Who was that champion of lawyerly rectitude?
None other than Steve Mostyn, the soliciting-challenged, client-inventing, and claims-inflating gouger of the Texas Windstorm Insurance Association.
As far as we know, no one in the hearing room laughed out loud at this howler, but there must have been a number of attendees forced to smother a snort or snicker.
As a joke, it would have been funny, like Al Capone calling for a crackdown on organized crime. If he was in earnest, however, the utter absence of self-awareness is stunning.

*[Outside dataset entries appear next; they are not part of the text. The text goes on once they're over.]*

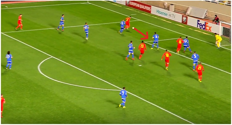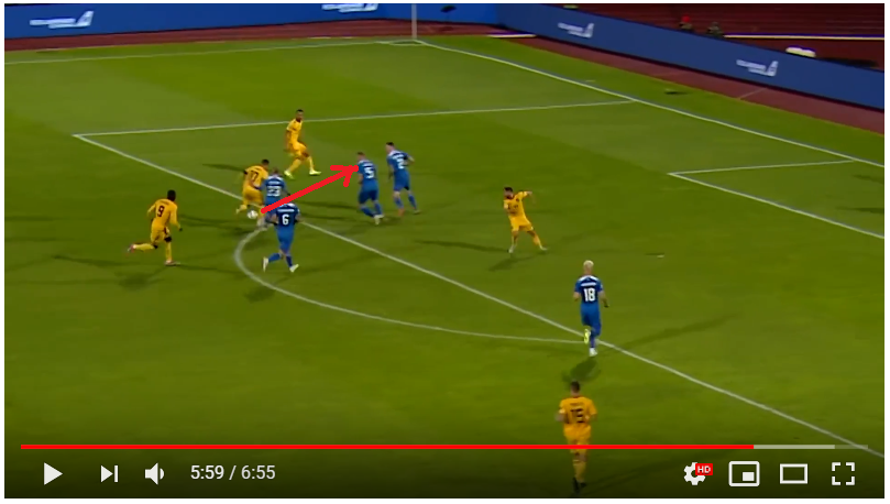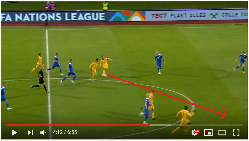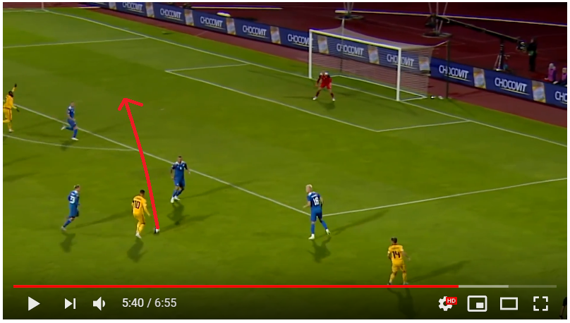 - Špatné řešení - Giroud v náběhu, stačilo si to správně načasovat (a připadně se uvolnit) a ve správnou chvíli mu poslat míč, po kterém by šel sám na bránu. Velká chyba. https://youtu.be/ccHUq8ZfmvQ?t=262
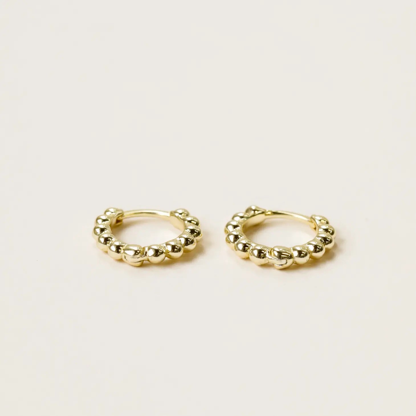 Welcome to the golden collection - take your earring stack to new heights with our largest collection launch ever Your everyday hoop just got an elevated look with petite spheres creating this delicate earring.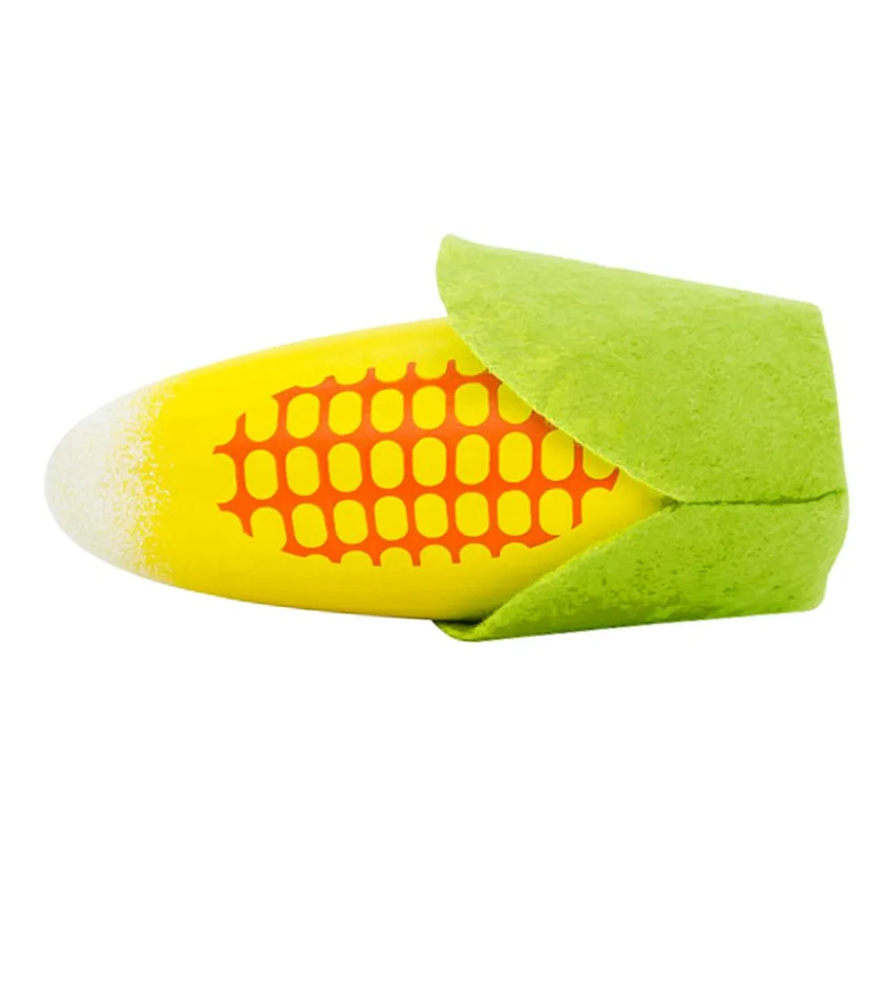 Underholdende MaMaMeMo legemad bestående af en majskolbe, med et grønt stykke fleece i toppen.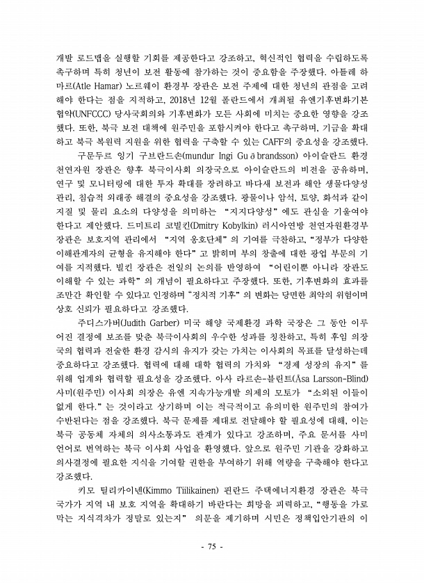 75 개발 로드맵을 실행할 기회를 제공한다고 강조하고, 혁신적인 협력을 수립하도록 촉구하며 특히 청년이 보전 활동에 참가하는 것이 중요함을 주장했다. 아틀레 하 마르 Atle Hamar 노르웨이 환경부 장관은 보전 주제에 대한 청년의 관점을 고려 해야 한다는 점을 지적하고, 2018년 12월 폴란드에서 개최될 유엔기후변화기본 협약 UNFCCC 당사국회의와 기후변화가 모든 사회에 미치는 중요한 영향을 강조 했다. 또한, 북극 보전 대책에 원주민을 포함시켜야 한다고 촉구하며, 기금을 확대 하고 북극 복원력 지원을 위한 협력을 구축할 수 있는 CAFF의 중요성을 강조했다. 구문두르 잉기 구브란드손 mundur Ingi Guðbrandsson 아이슬란드 환경 천연자원 장관은 향후 북극이사회 의장국으로 아이슬란드의 ...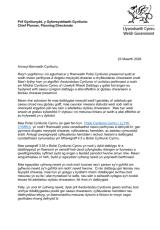 Llythyr at bennaeth cynllunio am bolisi cynllunio sy'n effeithio ar gaeau chwarae a chyfleusterau chwaraeon.

Whichever it was – wit or witlessness – the phenomenon persists and is now affecting members of Mostyn's firm.
At a recent hearing on the hailstorm lawsuit abuse bill, Rene Sigman, head of litigation for Mostyn Law, told members of the Texas House Insurance Committee that nobody, not even in her own firm, likes storm-chasing attorneys.
Just like her boss, Sigman put everyone present at the hearing in the uncomfortable position of wondering whether to laugh or not, it being impossible for them to determine with any certainty that she wasn't putting them on.
After all, she couldn't have been serious, what with Mostyn Law being the idol of storm-chasing attorneys everywhere, the storm chaser's storm chaser, so to speak.
Could Sigman have meant that she and her colleagues don't like other storm chasers, not appreciating the competition and preferring to have a monopoly on the trade?
Or was it Sigman's inadvertent admission of communal self-loathing, an unintended acknowledgment that she and her fellow Mostyn storm chasers don't like themselves much either? Could it have been a Sigman Freudian slip?